Gaussian processes scale prohibitively with the size of the dataset. In response, many approximation methods have been developed, which inevitably introduce approximation error. This additional source of uncertainty, due to limited computation, is entirely ignored when using the approximate posterior. Therefore in practice, GP models are often as much about the approximation method as they are about the data. Here, we develop a new class of methods that provides consistent estimation of the combined uncertainty arising from both the finite number of data observed and the finite amount of computation expended. The most common GP approximations map to an instance in this class, such as methods based on the Cholesky factorization, conjugate gradients, and inducing points. For any method in this class, we prove (i) convergence of its posterior mean in the associated RKHS, (ii) decomposability of its combined posterior covariance into mathematical and computational covariances, and (iii) that the combined variance is a tight worst-case bound for the squared error between the method's posterior mean and the latent function. Finally, we empirically demonstrate the consequences of ignoring computational uncertainty and show how implicitly modeling it improves generalization performance on benchmark datasets.

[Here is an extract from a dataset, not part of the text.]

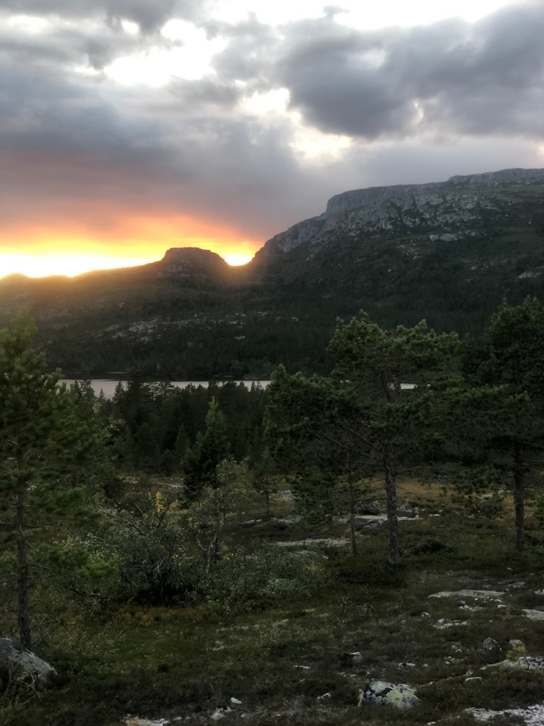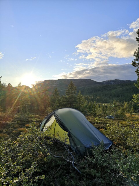 Nå er teltet satt opp og middagen spist. Sola er på vei ned, så da er det klart for en god natts søvn.

翻译：高斯过程的计算复杂度随数据集规模呈指数增长。为此，研究者提出了多种近似方法，但这些方法不可避免地引入近似误差。当采用近似后验时，这一由有限计算资源导致的额外不确定性来源被完全忽略。因此在实际应用中，高斯过程模型往往不仅依赖于数据，更取决于所采用的近似方法。本文提出了一类新方法，可对由有限观测数据和有限计算资源共同产生的组合不确定性进行一致估计。常见的高斯过程近似方法（如基于Cholesky分解、共轭梯度和诱导点的方法）均属于此类方法的一个实例。针对该类方法，我们证明：（i）其后验均值在相关再生核希尔伯特空间中收敛；（ii）组合后验协方差可分解为数学协方差与计算协方差；（iii）组合方差是该方法后验均值与潜在函数之间平方误差的最紧最坏情况上界。最后，我们通过实验证明了忽略计算不确定性的后果，并展示了如何通过隐式建模计算不确定性来提升基准数据集的泛化性能。